→ Exercise goal: Before you return the entries below, strip out the pictures and keep all else exact.

#####

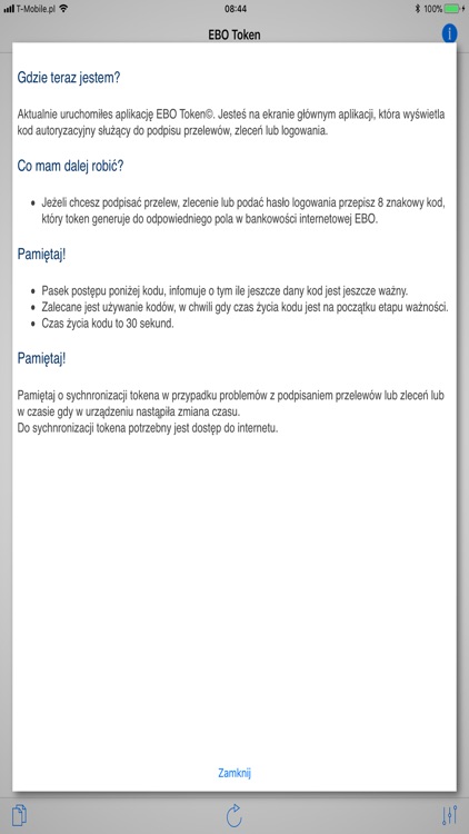 Aplikacja nie przesyła żadnych danych umożliwiających jakąkolwiek identyfikację użytkownika, czy jego urządzenia. Dbamy o bezpieczeństwo i anonimowość naszych użytkowników. Nie zapisujemy także adresów IP w przypadku synchronizacji tokena.
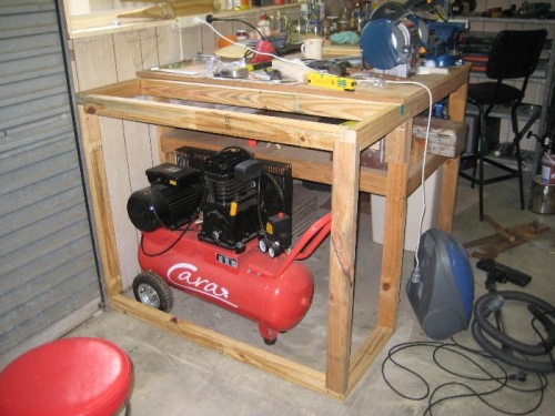 Needed to quieten my compresor before starting serious work, Decided to build it in under the work bench, Will still need to take the side off for extended running to stop overheating and it needs an access point to allow draining of the tank. All in good time.
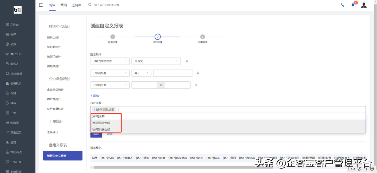 2.合计字段:合同报表中的合计字段可以选择“金额”、“回款金额”和“消费金额”,您可以根据需要进行选择。
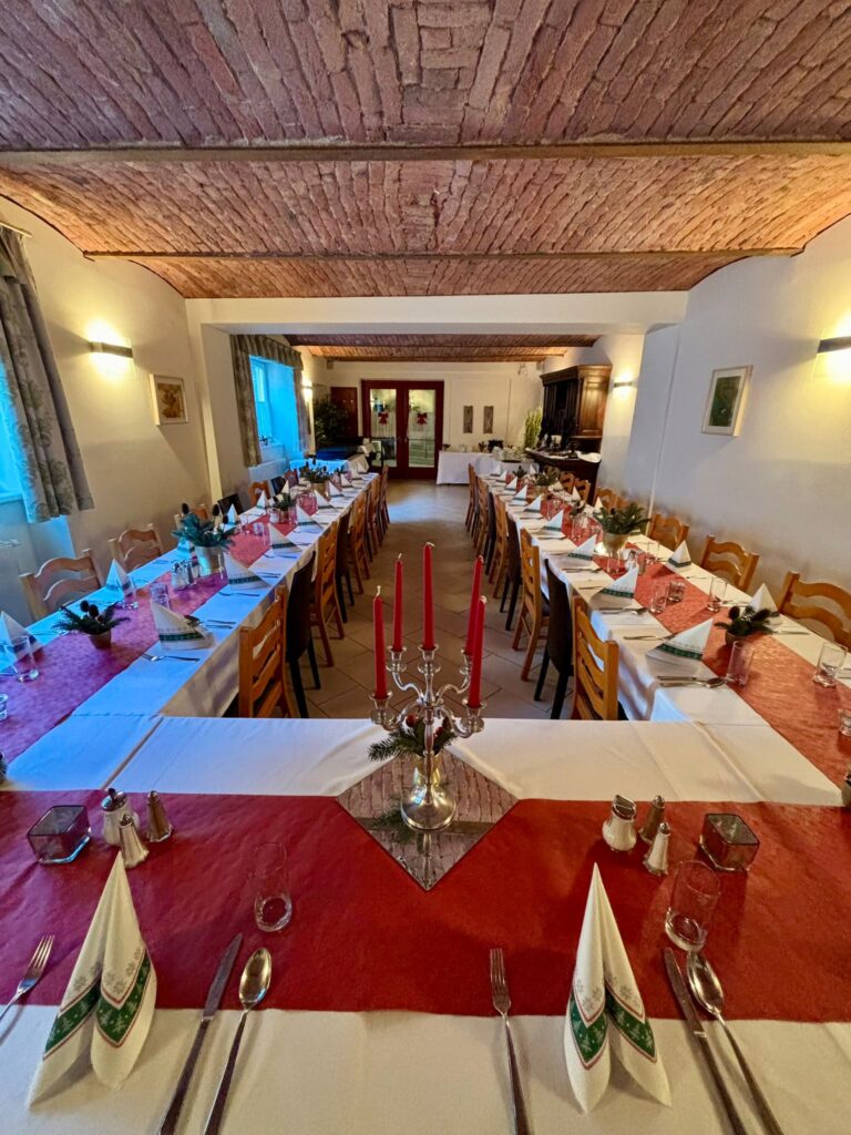 Neben den Räumlichkeiten des Piestros und der Frühstückspension steht dafür auch unser „Gwölb“-Saal und der Turnsaal im 1. Stock zur Verfügung.
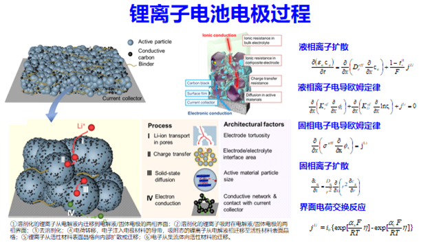 锂离子电池电极过程包括:①溶剂化的锂离子从电解液内迁移到电解液/固体电极的两相界面;②溶剂化的锂离子吸附在电解液/固体电极的两相界面;③去溶剂化;④电荷转移,电子注入电极材料的导带,吸附态的锂离子从电解液相迁移至活性材料表面晶格;⑤锂离子从活性材料表面晶格向内部扩散或迁移;⑥电子从集流体向活性材料的迁移。这些过程可以用经典的P2D模型来描述,在模型中:步骤①和⑤分别对应电解液和固相颗粒内部的离子扩散,由菲克定律描述,是造成浓度极化的主因。核心的界面过程③和④,即去溶剂化与电荷转移,被整合为Butler-Volmer动力学方程来描述,其反应速率强烈依赖于界面处的锂离子浓度和固相颗粒表面的电势,这直接决定了电化学极化的程度。步骤⑥的电子迁移,由于电极材料导电性好,通常简化为欧姆定律。
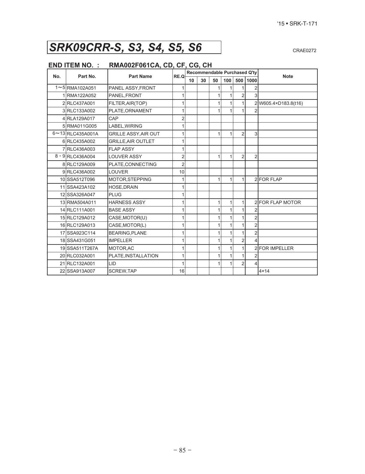 END ITEM NO. : RMA002F061CA, CD, CF, CG, CH

#####

→ Answer for the task:
 Aplikacja nie przesyła żadnych danych umożliwiających jakąkolwiek identyfikację użytkownika, czy jego urządzenia. Dbamy o bezpieczeństwo i anonimowość naszych użytkowników. Nie zapisujemy także adresów IP w przypadku synchronizacji tokena.
 Needed to quieten my compresor before starting serious work, Decided to build it in under the work bench, Will still need to take the side off for extended running to stop overheating and it needs an access point to allow draining of the tank. All in good time.
 2.合计字段:合同报表中的合计字段可以选择“金额”、“回款金额”和“消费金额”,您可以根据需要进行选择。
 Neben den Räumlichkeiten des Piestros und der Frühstückspension steht dafür auch unser „Gwölb“-Saal und der Turnsaal im 1. Stock zur Verfügung.
 锂离子电池电极过程包括:①溶剂化的锂离子从电解液内迁移到电解液/固体电极的两相界面;②溶剂化的锂离子吸附在电解液/固体电极的两相界面;③去溶剂化;④电荷转移,电子注入电极材料的导带,吸附态的锂离子从电解液相迁移至活性材料表面晶格;⑤锂离子从活性材料表面晶格向内部扩散或迁移;⑥电子从集流体向活性材料的迁移。这些过程可以用经典的P2D模型来描述,在模型中:步骤①和⑤分别对应电解液和固相颗粒内部的离子扩散,由菲克定律描述,是造成浓度极化的主因。核心的界面过程③和④,即去溶剂化与电荷转移,被整合为Butler-Volmer动力学方程来描述,其反应速率强烈依赖于界面处的锂离子浓度和固相颗粒表面的电势,这直接决定了电化学极化的程度。步骤⑥的电子迁移,由于电极材料导电性好,通常简化为欧姆定律。
 END ITEM NO. : RMA002F061CA, CD, CF, CG, CH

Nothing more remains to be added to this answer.